Вместе с тем национальная гордость Дружинина была удовлетворена. «Надо отдать, – писал он, – одну великую справедливость нашей критике. Она явилась русскою, чисто русскою критикою, невзирая на свои теории, заимствованные от германского мыслителя. Она не удалялась на туманные вершины трансцендентализма [201] , вершины, слишком часто посещаемые самим Гегелем; она не увлеклась желанием пощеголять туманностью фразы, не копировала, дагерротипным манером, манер своего учителя. По естественному ходу вещей, не имея возможности изучить всего Гегеля непосредственно, она восполняла этот недостаток своим умением истолковать те части Гегелева учения, которые были ей доступны» (199). Дружинин поддерживал мнение, что «Гегелева философия в ее применении к оцениванию предметов искусства <…> была разработана нашей критикой гоголевского периода гораздо шире и плодотворнее, нежели была она разработана в то же самое время во Франции, людьми, специально посвятившими себя изучению новой немецкой философии» (199).
201
В широком смысле – объективного идеализма немецкой классической эстетики.
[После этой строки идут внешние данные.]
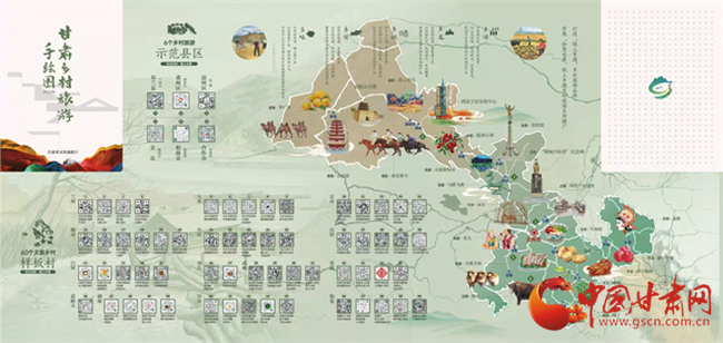 據了解,為了深入推進文旅市場復蘇百日攻堅行動,加強產品開發供給,促進鄉村旅游升溫,省文旅廳于12月13日發布了2022版甘肅鄉村旅游手繪圖。手繪圖以“相約隴原促振興·富了口袋富腦袋”為主題,對2022年創建的6個鄉村旅游示范縣,60個文旅振興鄉村樣板村開發設計了電子“二維碼”,設置了甘肅省鄉村旅游60條四季精品線路,幫助游客品味鄉村風情、感知鄉村文化、體驗鄉村魅力,進一步展示甘肅鄉村旅游新形象、擴大鄉村旅游影響力,做亮“隴上鄉遇”鄉村旅游品牌,打造“隴上鄉遇”鄉村旅游全景圖。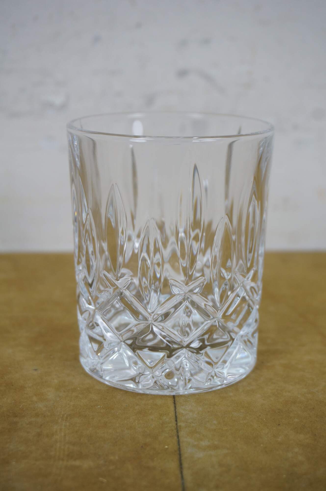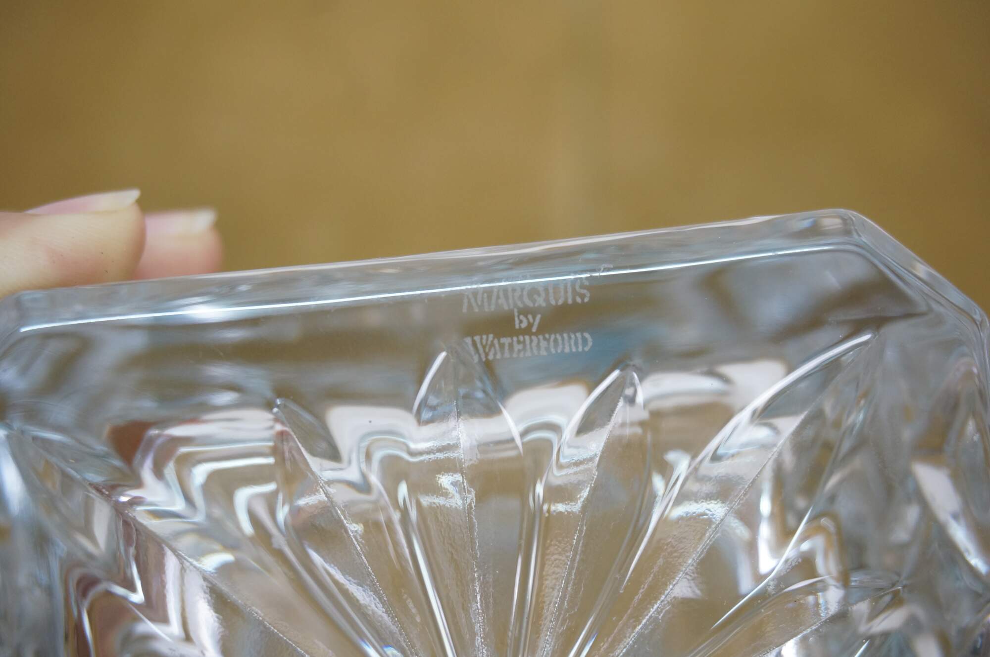 Late 20th century Marquis by Waterford Markham cut crystal whiskey decanter and four lowball/tumblers.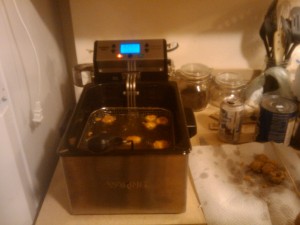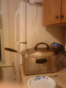 But with a longer train ride has come a large kitchen. With plenty of counter and storage space it was time to fry! I actually first broke in the deepfyer a few months ago for a poker game. So this last time wasn’t the virgin run, but it was the first time I thought about taking some pictures and writing about it.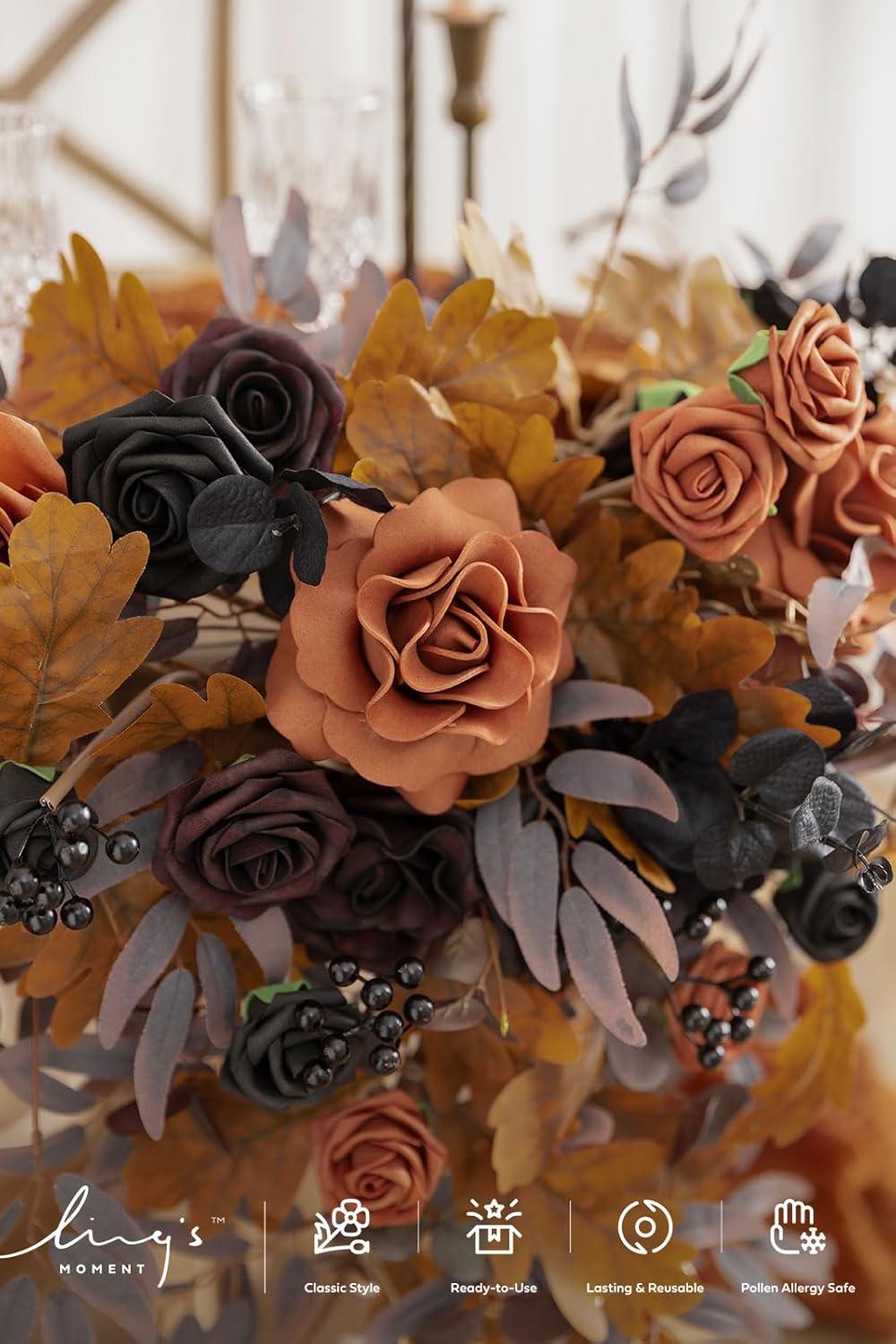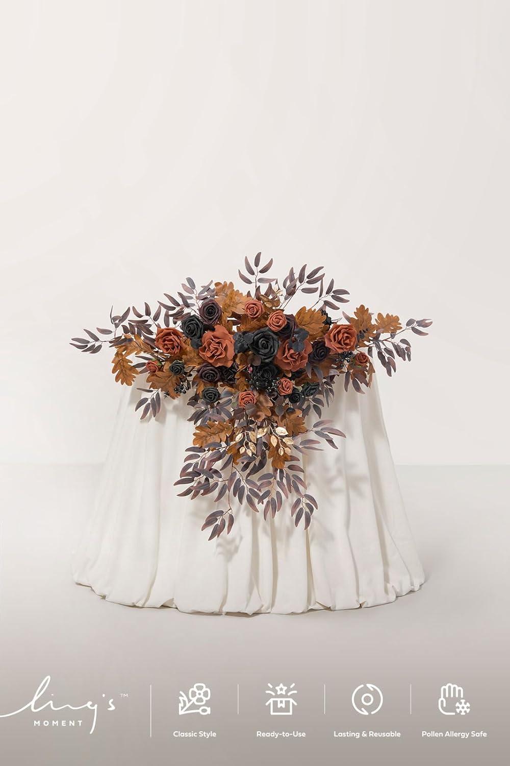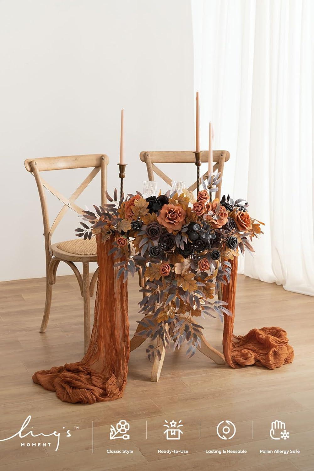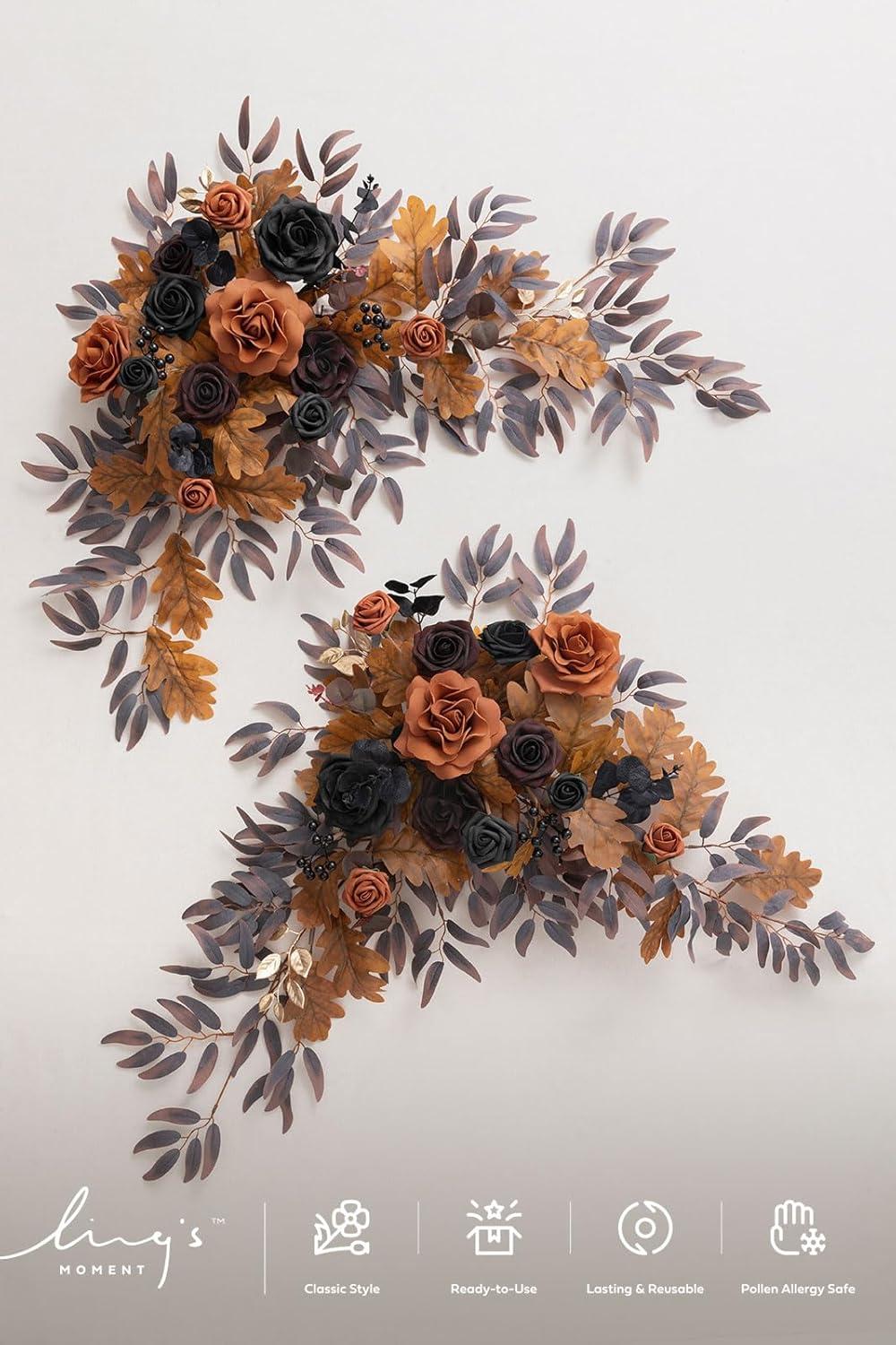 imageLings moment 2PCS Black Orange Artificial Flower Swags Wedding Arch Flowers Floral Garland Halloween Table Centerpieces Rose Arrangements for Sweetheart Easel Wall Entryway Board Backdrop DecorOrteal  Terracotta

Критика 1830—1840-х годов, подводил итог своим рассуждениям Дружинин, имела серьезные методологические основания, на базе которых «начала применять воззрения эти ко всем главным явлениям текущей русской литературы», и «гегелевское воззрение, искусно приложенное к потребностям русского искусства, начинало укореняться в нашей словесности» (199).
Новый – современный – этап развития критики Дружинин воспринимал с горечью: «начали появляться печальные симптомы, заставлявшие предполагать в ней <в критике> начала разлада с теориями, недавно ею высказанными. Мысли, почерпнутые у Гегеля, начали появляться реже и реже; с каждым месяцем чаще стали показываться в критике нашей понятия и убеждения, составлявшие странный контраст с принципами, недавно ею высказанными. Человек, привычный к терминологии, взятой у Гегеля, своими ушами слушавший живую речь усопшего профессора, мог легко подсмотреть фундаментальные уклонения от теорий великого мыслителя. Читатель, постоянно следивший за ходом новейших эстетических воззрений в Германии, один был в состоянии уяснить себе причину таковых уклонений, но читателей подобного рода было немного между русскими читателями» (199–200).
Причины происходящего Дружинин видел в том, что «слово Гегеля начинало утрачивать свою силу в самой Германии», поскольку «бывшие ученики великого мыслителя, далеко низшие его дарованием, составили новую философскую школу» (200). Этой школой Дружинин назвал младогегельянцев. Помимо Б. Бауэра, младогегельянцем в 1840-е годы был Л. Фейербах, отвергнувший ради материализма не только объективно-идеалистическую философию Гегеля, но и его диалектику. Поэтому, согласно убеждениям Дружинина, это «школа отрицательного направления», однако «воззрения этой странной, ныне расслабленной, школы быстро пошли в ход в Германии, как идет в ход все эффектное, яркое, задорное» (200).
Центральной мыслью Дружинина, развиваемой в статье, является указание на то, что в науке и критике есть два противоположных направления в понимании природы, сущности и значения искусства в жизни общества – «артистическое» и «дидактическое». «Артистическое» направление живет и развивается под «лозунгом чистого искусства для искусства»; «дидактическое» стремится «действовать на нравы, быт и понятия человека через прямое его поучение» (200).
Дружинин – последовательный сторонник и идеолог первой теории. Более того, формулируя основные требования этой концепции, Дружинин выявил предельные характеристики, подчеркивая, что использует оценки представителей противостоящего лагеря. Он писал: «Мы нарочно изображаем поэта, проникнутого крайней артистической теорией искусства, так, как привыкли его изображать противники этой теории» (201; курсив мой. – М.Л.).